The problem
For the entries that follow, retype exactly the lines from the one containing "एमाले केन्द्रीय कमिटी" to the one containing "made in italy", inclusive, and only those. Images stay out of the copy.

Material provided
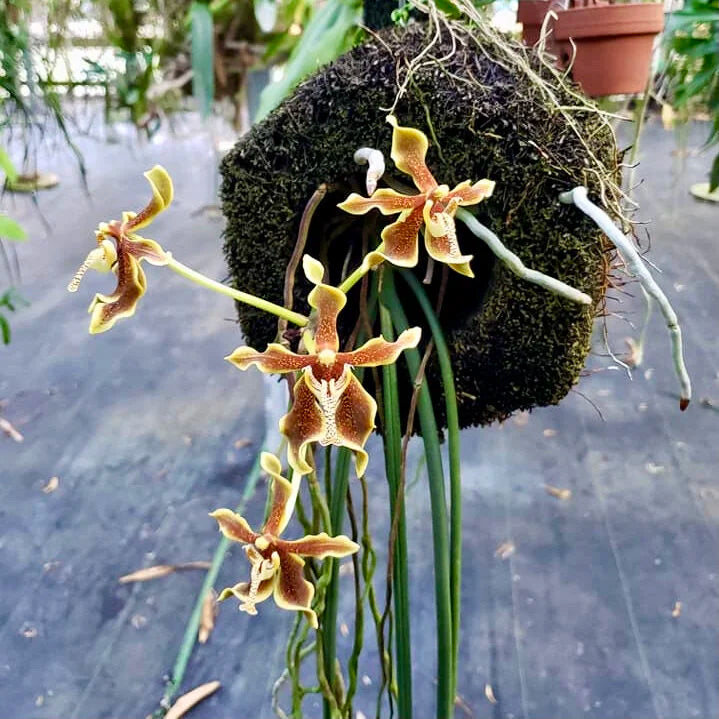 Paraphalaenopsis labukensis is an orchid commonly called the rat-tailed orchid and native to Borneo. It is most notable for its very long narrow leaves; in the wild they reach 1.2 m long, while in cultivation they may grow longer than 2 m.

---

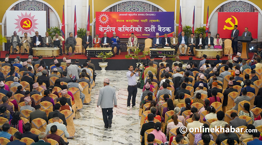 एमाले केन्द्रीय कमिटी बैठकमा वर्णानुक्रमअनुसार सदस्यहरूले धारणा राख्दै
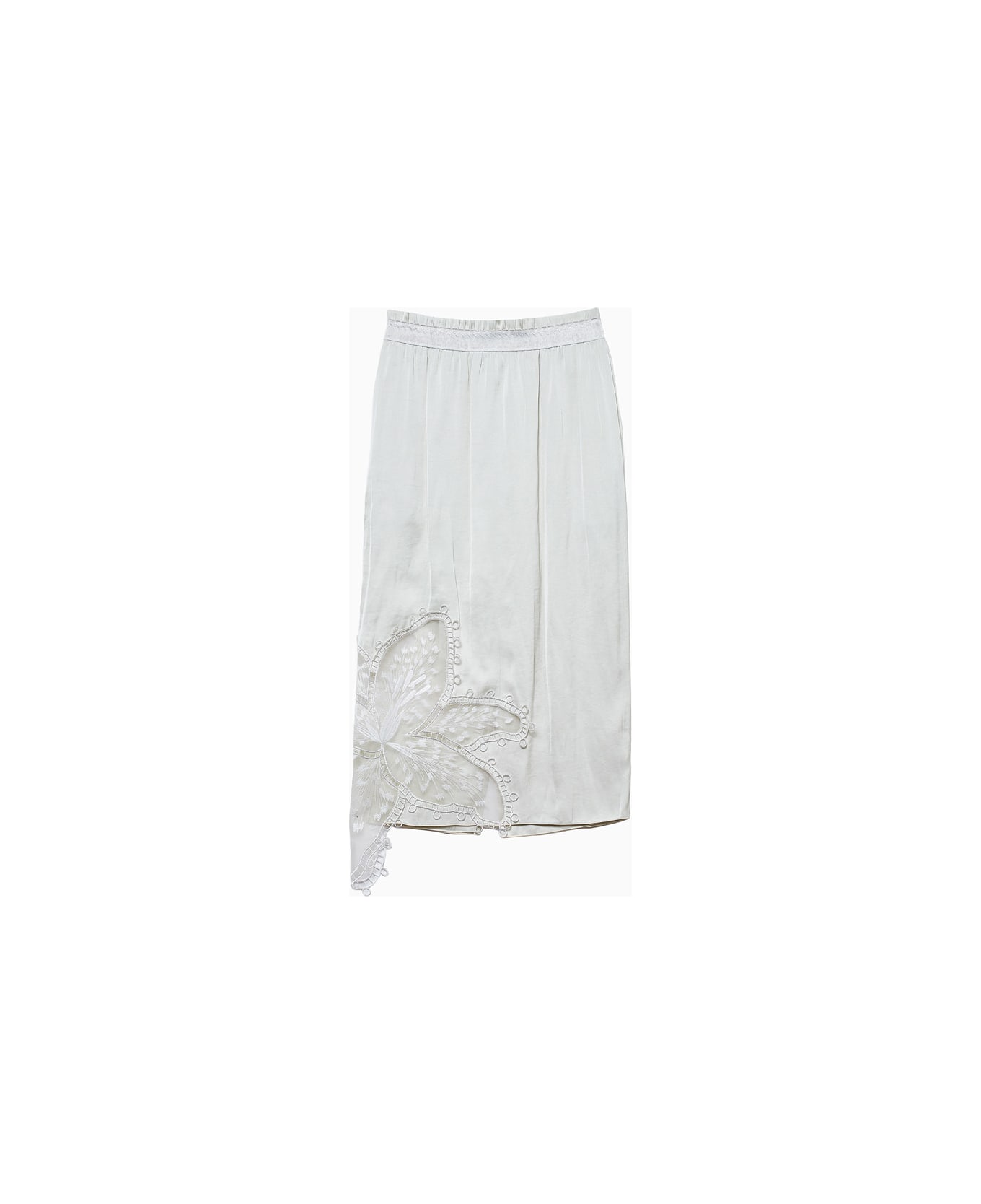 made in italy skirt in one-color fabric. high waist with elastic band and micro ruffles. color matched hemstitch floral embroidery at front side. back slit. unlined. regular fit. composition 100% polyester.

Answer space
 एमाले केन्द्रीय कमिटी बैठकमा वर्णानुक्रमअनुसार सदस्यहरूले धारणा राख्दै
 made in italy skirt in one-color fabric. high waist with elastic band and micro ruffles. color matched hemstitch floral embroidery at front side. back slit. unlined. regular fit. composition 100% polyester.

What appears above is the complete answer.